_WHAT YOU NEED TO DO:_ At the line with "当前位置: 91家纺网 >", start transcribing; stop after the last line of the data below. Keep it exact and leave pictures out.

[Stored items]
----
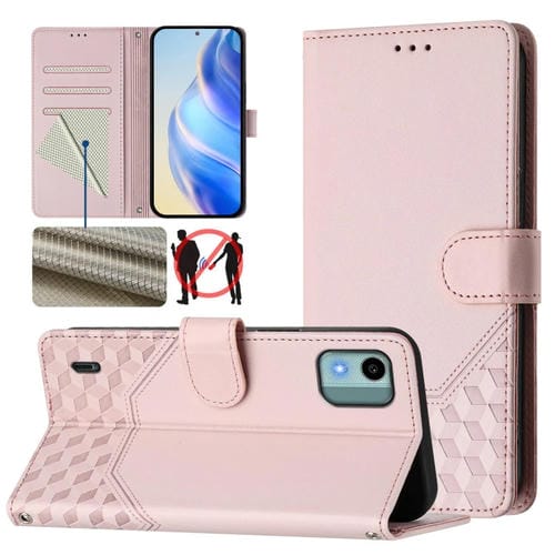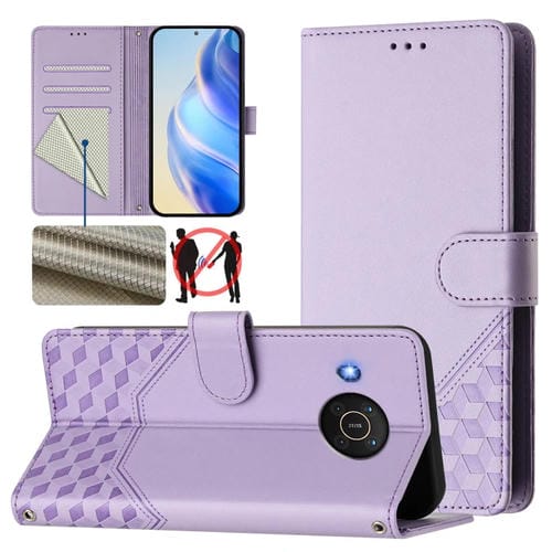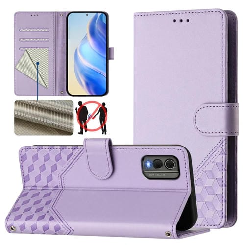 Funda de Cuero Rfid con Relieve en Panal para Nokia G42/G310 (Morado Claro)
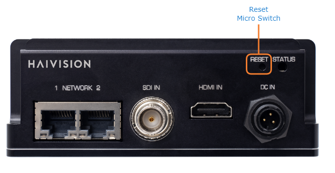Factory Reset: If the problem remains after performing a reset, it may help to restore the encoder to its factory default settings. A factory reset returns the encoder to the same settings it originally had when shipped from Haivision, including the factory default IP address, subnet, and gateway.
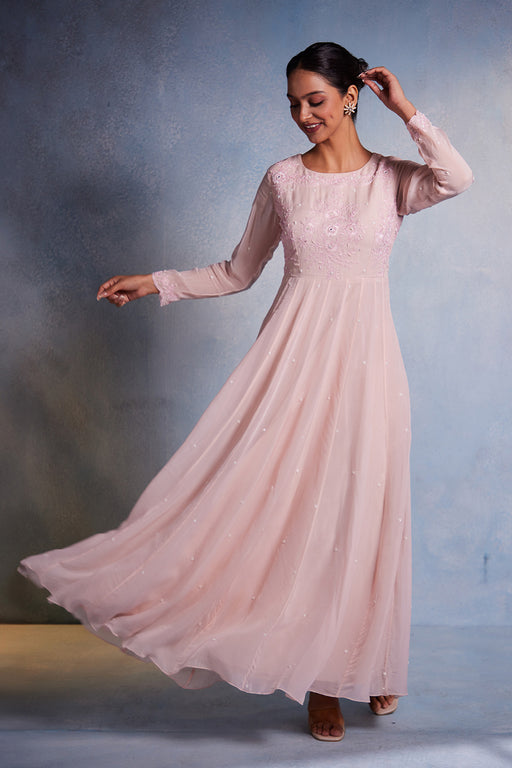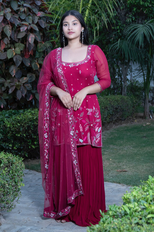 Handemroidered anarkali crafted from pure crepe, paired with a net dupatta. The anarkali is in a vibrant magenta pink color and features intricate ...
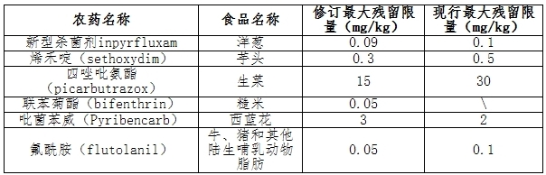 1.修制訂部分食品中新型殺菌劑inpyrfluxam等多種農獸藥的最大殘留限量,具體見下表;
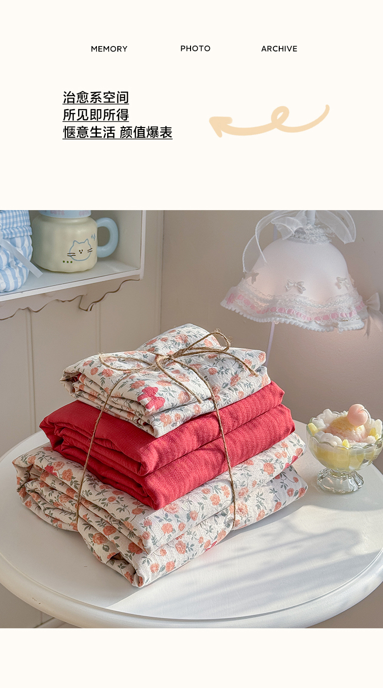 当前位置: 91家纺网 > 商品网购 > 床品套件 > 四件套 > 双层纱四件套 > 罗亿家纺 2026新款小清新云感双层纱木棉四件套系列(小红书热款推荐) 赫本小姐
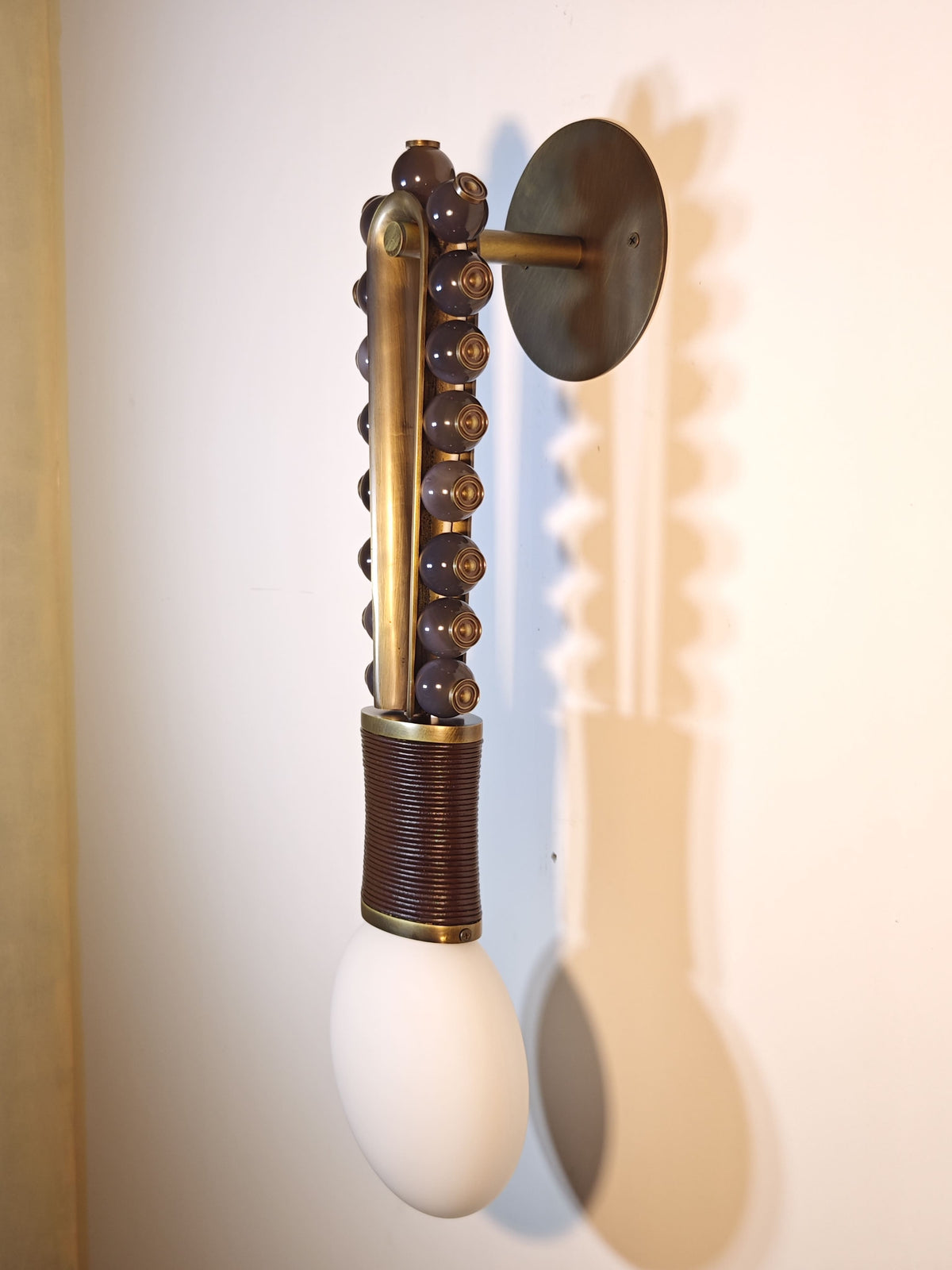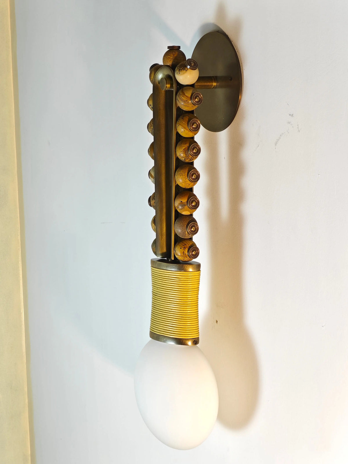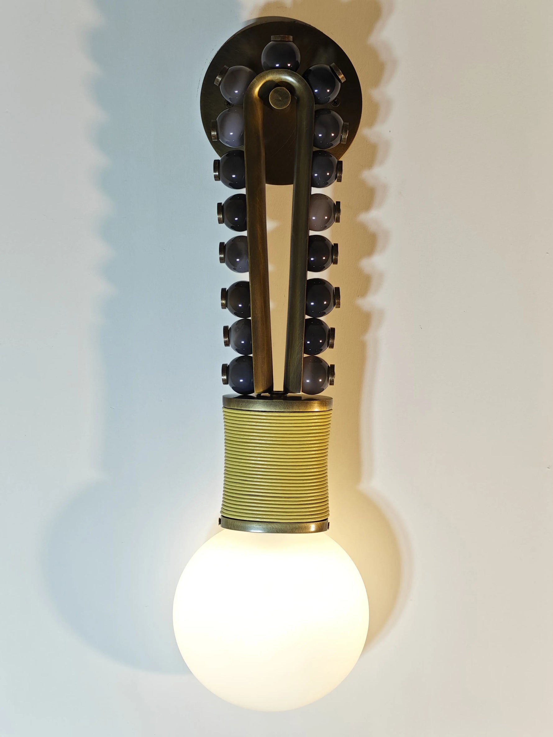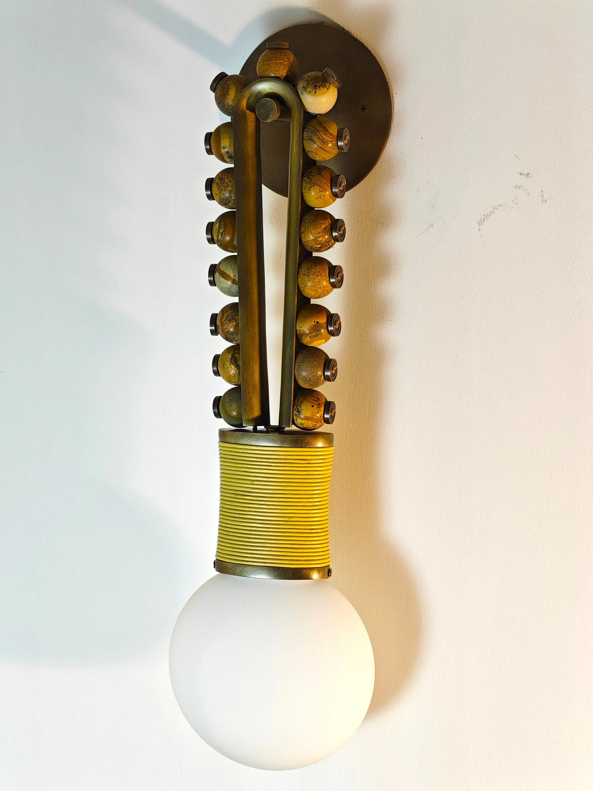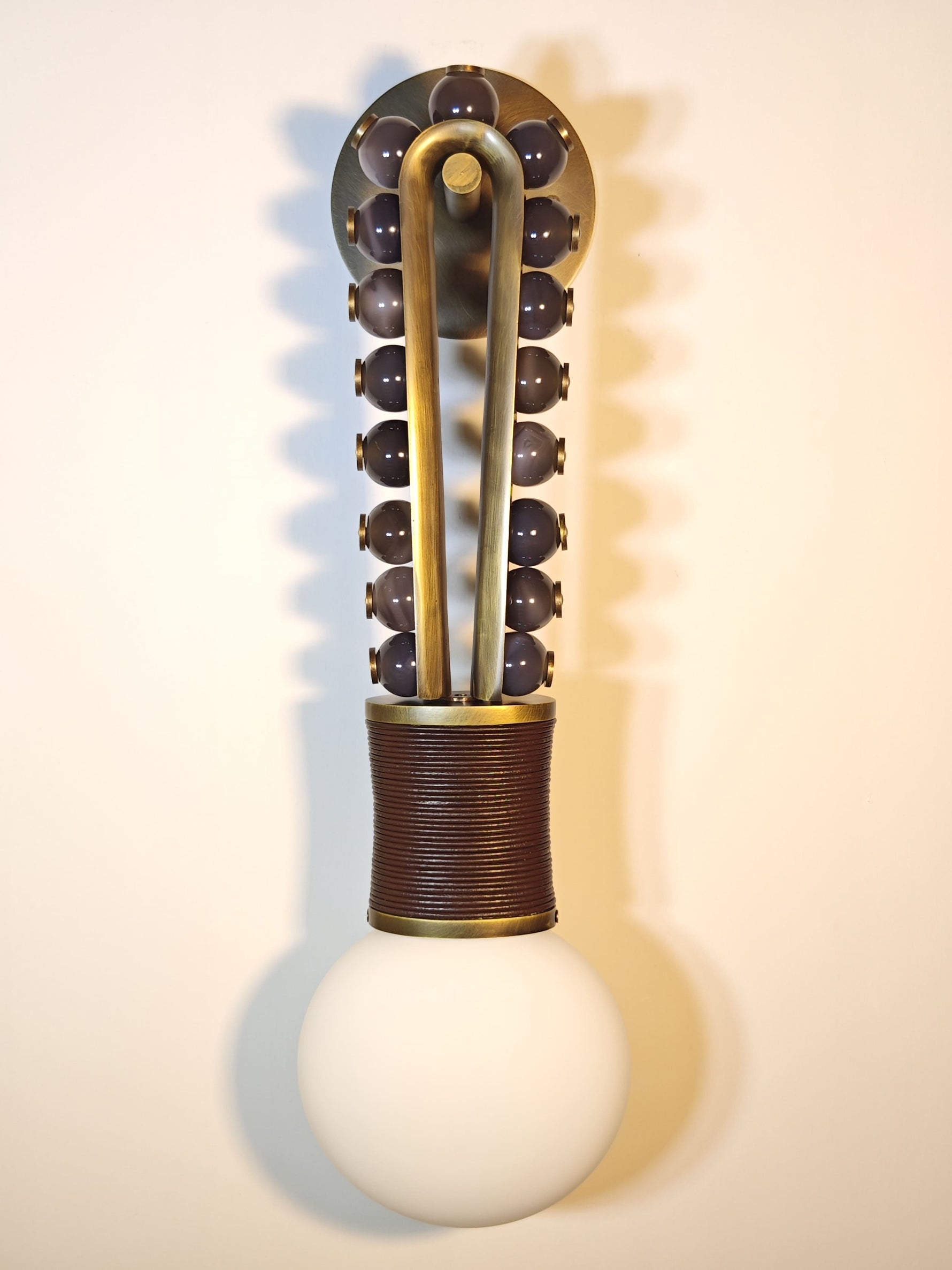 - The Talisman Loop Sconce is a work of art in itself. Inspired by the intricate details of ancient Persian architecture, this one-of-a-kind sconce features a captivating display of semi-precious stones. Agate, jasper, and jade beads are delicately pierced and secured to a hand-crafted brass frame, creating a truly unique and luxurious lighting experience.
----
_ANSWER TO THIS EXERCISE:_
 当前位置: 91家纺网 > 商品网购 > 床品套件 > 四件套 > 双层纱四件套 > 罗亿家纺 2026新款小清新云感双层纱木棉四件套系列(小红书热款推荐) 赫本小姐
 - The Talisman Loop Sconce is a work of art in itself. Inspired by the intricate details of ancient Persian architecture, this one-of-a-kind sconce features a captivating display of semi-precious stones. Agate, jasper, and jade beads are delicately pierced and secured to a hand-crafted brass frame, creating a truly unique and luxurious lighting experience.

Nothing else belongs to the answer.